Теперь, как предполагала Мэдди, даже сама возможность искусственного оплодотворения растаяла в воздухе как дым. Все, ради чего она работала, разрушено. Какая ирония, если ее собственный клон окажется тем злосчастным посланником судьбы, который помешает заполучить то, чего Мэдди хотелось больше всего на свете: селекционную сперму от генетиков компании «Хайбридж», выбранную в галерее боровов, лучшую из лучших. О, какой мучительной казалась сама мысль о подобном исходе!
Она подумала, что надо будет зайти в винный магазин и закупить какого-нибудь мерзкого, крепчайшего пойла, к которому у нее выработается алкогольная зависимость. А если Бонус и дальше намерена вести себя как бессовестная малолетняя мерзавка, то уж Мэдди, так и быть, даст ей основания для подобного поведения.
Ее МУЗА запищала, уведомляя о поступившем вызове, и Мэдди машинально уже хотела пропустить звонок. Но вдруг вспомнила, как в прошлый раз не ответила, целиком поглощенная сравнением достоинств разных боровов, в то время как Наоми отчаянно пыталась получить ее указания по поводу Менискуса. Прежде Мэдди отродясь не пропускала срочных вызовов. Вот еще один подходящий повод почувствовать себя жалкой!
Может, если бы она вовремя ответила Наоми, ничего бы не случилось. Мэдди ответила на вызов. Звонила Дженнифер.
— Как вижу, вы покинули лабораторию. Помните, о чем я вас просила? Зайти ко мне в кабинет!
— Дженнифер, мне нужно срочно проработать весь материал. Неужели нельзя подождать до утра?
— Нет, дело не терпит отлагательств. Я так понимаю, ваш подопытный еще держится.
— Пока да.
— Хорошо. Тогда прямо сейчас идите ко мне, договорились?
В кабинете Дженнифер на стенах красовались дешевенькие эстампы с цирковыми клоунами, а в дальнем угле пылилось давно уже позабытое альпинистское снаряжение. Целая стена была посвящена наградам, полученным за годы безупречной службы в «Хайбридже», и сертификатам о повышении квалификации в той области, которой занималась Дженнифер. Чем та занималась, Мэдди так и не уразумела за все время их сотрудничества, кроме разве что того факта, что Дженнифер всегда посылала служащим докладные записки об изменениях в политике «Хайбриджа» и о намечающихся пикниках.
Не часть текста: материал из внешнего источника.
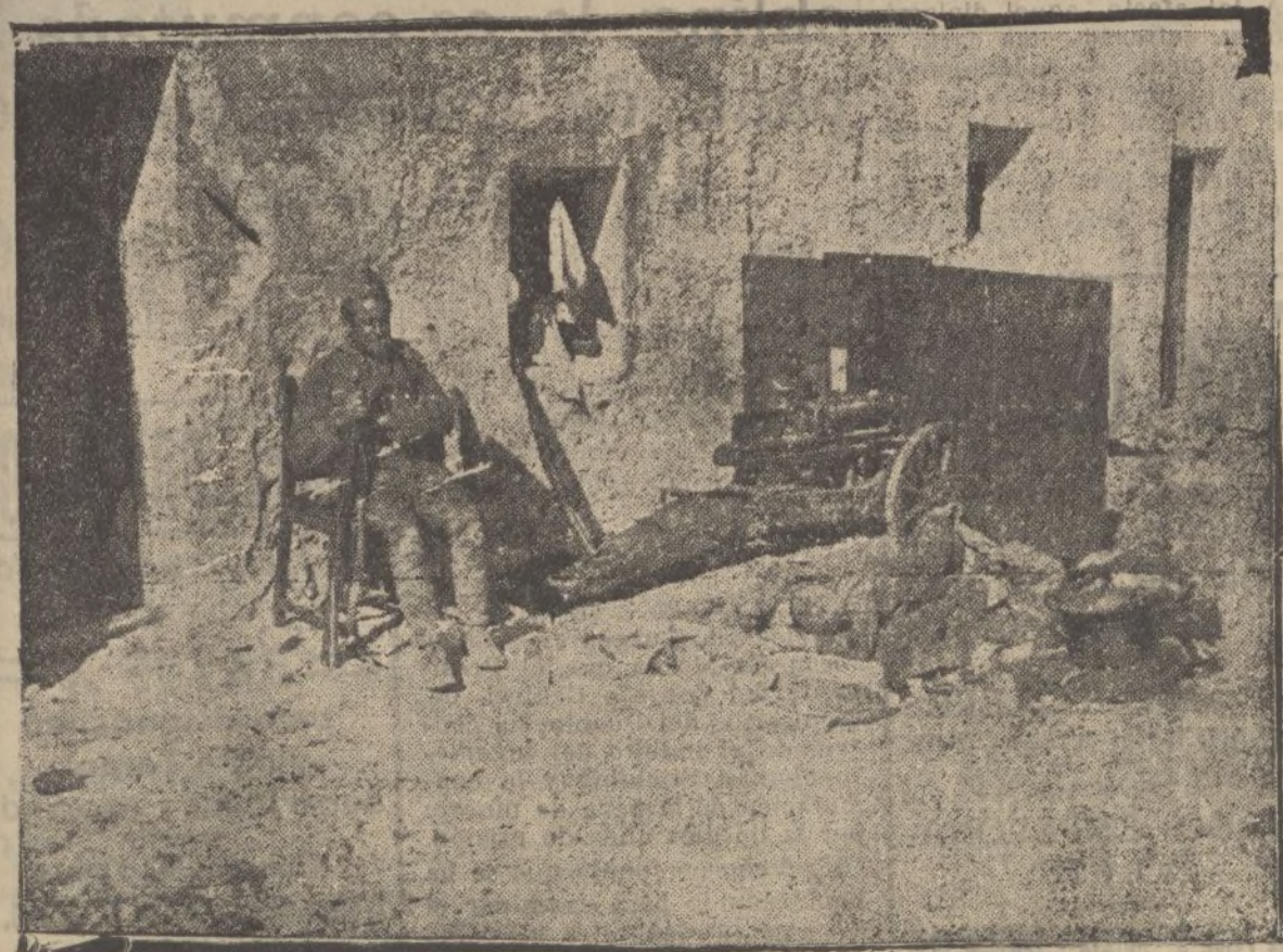
A la retaguardia de nuestro Ejército de operaciones, numerosas tropas guardan el paso de convoyes y carreteras.

Predice, finalmente, que Francia, después de ser víctima de todas las corrupciones de los marxistas, adoptará el fascismo.
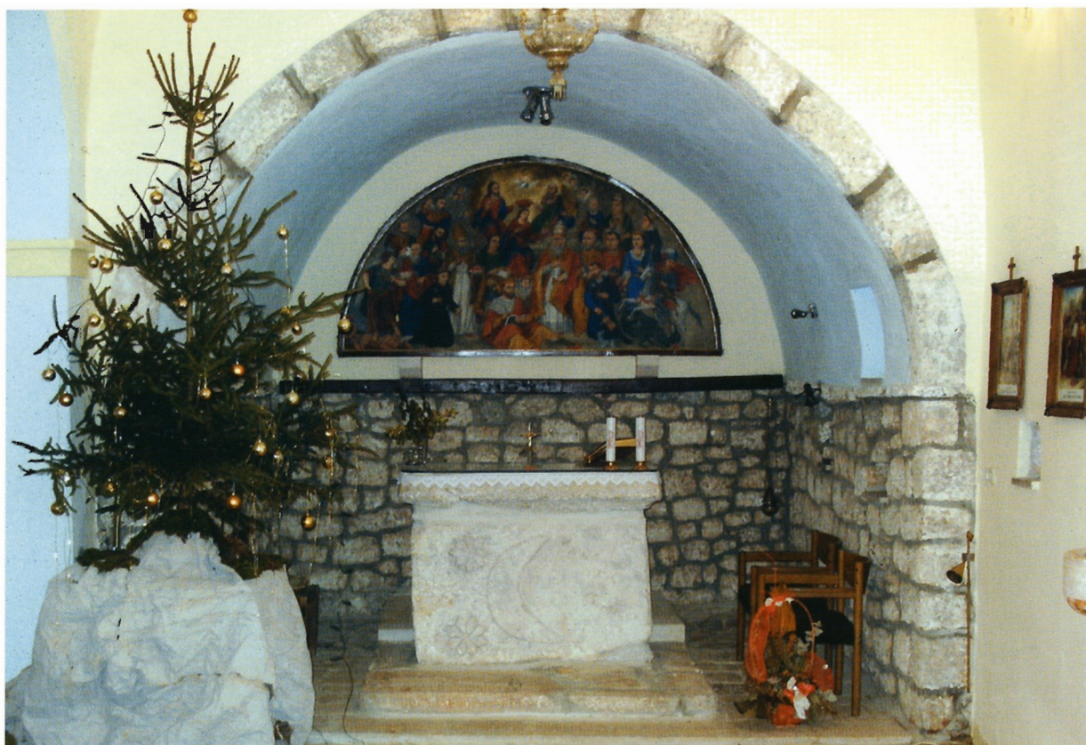
Sl. 3. Kljenak, crkva Svih svetih, oltar
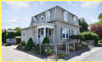
EAST PROVIDENCE 2 moradias $299.900
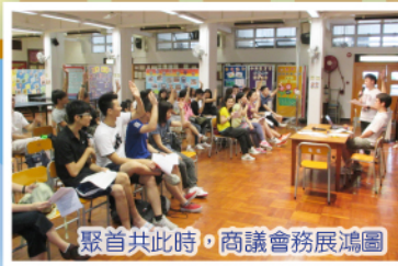
聚首共此時，商議會務展鴻圖

На столе Дженнифер возвышалась величественная пирамида изготовленных в печи детских бочонков из теста «плей-до» — чванливое подчеркивание того факта, что у Дженнифер не одна, а целых две дочери, обе зачатые с ее партнершей Гизелой в рамках жутко дорогого женско-женского генного проекта, право на который ей давал хайбриджский Бриллиантовый Статус — заурядное клонирование не для таких, как Дженнифер Гулд. Она улыбнулась, когда заметила взгляд Мэдди, украдкой брошенный на фигурки из «плей-до». Затем предложила Мэдди коробку «Данкин донатс», в которой лежало несколько маленьких кексов. Мэдди чувствовала себя глубоко несчастной, поэтому взяла сразу два.
Дженнифер сказала:
— Вы знаете, что начинается подготовка к следующему «Шествию боровов» в Цитадели Атлантиса?
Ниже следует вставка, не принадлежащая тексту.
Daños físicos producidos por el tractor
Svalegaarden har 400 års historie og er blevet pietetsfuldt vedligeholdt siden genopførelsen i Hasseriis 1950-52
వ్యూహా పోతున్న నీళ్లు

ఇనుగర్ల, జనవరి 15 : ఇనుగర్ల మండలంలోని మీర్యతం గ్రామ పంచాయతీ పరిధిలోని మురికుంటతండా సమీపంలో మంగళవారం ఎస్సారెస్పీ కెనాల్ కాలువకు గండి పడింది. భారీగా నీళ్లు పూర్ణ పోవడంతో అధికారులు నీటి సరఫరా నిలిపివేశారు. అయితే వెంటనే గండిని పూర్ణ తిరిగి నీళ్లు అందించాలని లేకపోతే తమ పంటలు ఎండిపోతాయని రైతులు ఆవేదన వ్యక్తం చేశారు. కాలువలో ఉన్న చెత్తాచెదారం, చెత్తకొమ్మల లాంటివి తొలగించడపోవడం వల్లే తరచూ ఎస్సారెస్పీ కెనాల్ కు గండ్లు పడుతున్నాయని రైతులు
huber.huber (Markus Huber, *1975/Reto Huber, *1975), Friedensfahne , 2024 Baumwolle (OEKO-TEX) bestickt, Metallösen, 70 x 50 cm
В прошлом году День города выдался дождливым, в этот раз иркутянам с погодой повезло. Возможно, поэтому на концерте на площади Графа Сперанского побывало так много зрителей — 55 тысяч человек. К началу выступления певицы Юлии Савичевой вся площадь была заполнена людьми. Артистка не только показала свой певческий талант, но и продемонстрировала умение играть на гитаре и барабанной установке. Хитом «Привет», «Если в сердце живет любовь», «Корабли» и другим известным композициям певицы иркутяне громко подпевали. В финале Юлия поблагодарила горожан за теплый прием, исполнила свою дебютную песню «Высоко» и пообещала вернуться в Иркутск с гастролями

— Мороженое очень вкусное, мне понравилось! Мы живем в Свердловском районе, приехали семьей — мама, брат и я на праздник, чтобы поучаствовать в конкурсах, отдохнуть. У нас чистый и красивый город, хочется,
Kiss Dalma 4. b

— А кто не знает? Средства массовой информации трубят об этом направо и налево. — Мэдди проглотила кусочек черничного кекса.
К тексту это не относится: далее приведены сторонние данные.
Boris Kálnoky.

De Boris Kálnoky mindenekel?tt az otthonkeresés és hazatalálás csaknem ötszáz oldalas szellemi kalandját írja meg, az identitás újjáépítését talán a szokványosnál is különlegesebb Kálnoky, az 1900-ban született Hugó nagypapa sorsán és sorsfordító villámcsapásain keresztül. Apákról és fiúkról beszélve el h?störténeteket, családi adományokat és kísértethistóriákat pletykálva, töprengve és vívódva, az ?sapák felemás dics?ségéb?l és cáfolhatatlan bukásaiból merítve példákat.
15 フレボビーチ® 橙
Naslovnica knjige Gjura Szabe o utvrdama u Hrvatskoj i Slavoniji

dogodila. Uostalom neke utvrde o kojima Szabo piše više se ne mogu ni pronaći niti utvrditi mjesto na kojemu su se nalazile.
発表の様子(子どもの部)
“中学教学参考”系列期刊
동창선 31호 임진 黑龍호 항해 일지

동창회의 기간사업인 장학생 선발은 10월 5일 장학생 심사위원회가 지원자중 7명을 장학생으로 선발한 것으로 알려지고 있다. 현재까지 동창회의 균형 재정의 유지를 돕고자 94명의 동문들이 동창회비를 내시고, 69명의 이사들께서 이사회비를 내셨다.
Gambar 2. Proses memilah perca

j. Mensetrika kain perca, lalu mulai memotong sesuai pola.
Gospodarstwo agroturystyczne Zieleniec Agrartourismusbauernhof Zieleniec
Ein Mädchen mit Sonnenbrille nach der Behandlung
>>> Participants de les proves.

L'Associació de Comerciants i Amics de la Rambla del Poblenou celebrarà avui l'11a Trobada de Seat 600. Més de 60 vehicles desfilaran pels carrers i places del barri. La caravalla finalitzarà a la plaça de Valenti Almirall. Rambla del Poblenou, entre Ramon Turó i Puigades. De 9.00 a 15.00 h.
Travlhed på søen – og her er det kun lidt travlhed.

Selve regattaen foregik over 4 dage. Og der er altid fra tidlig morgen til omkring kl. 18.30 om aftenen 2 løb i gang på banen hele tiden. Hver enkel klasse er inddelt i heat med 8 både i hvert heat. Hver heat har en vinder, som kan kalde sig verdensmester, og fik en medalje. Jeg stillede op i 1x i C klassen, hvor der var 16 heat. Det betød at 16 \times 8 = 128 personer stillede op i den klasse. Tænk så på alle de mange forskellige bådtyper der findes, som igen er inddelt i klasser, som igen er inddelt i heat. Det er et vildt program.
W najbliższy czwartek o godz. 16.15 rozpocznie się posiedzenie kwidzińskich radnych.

— Вы следите за новостями?
Медленно жуя, Мэдди покачала головой. Она не отводила глаз от детских поделок. До сегодняшнего дня ее исследования продвигались вполне успешно. Мэдди предвкушала отличные результаты и поэтому надеялась, что ее наградят превосходной спермой через годик-другой, прежде чем ее яичники станут никуда не годными и придется прибегнуть к услугам банка яйцеклеток. Разумеется, она все знала о кандидатах. Но Дженнифер, упомянув об этом именно сейчас, когда всякие упования Мэдди когда-либо осуществить свои дерзкие фантазии стать матерью «селекционного ребенка» на глазах улетучивались, — что ж, она поступила просто жестоко.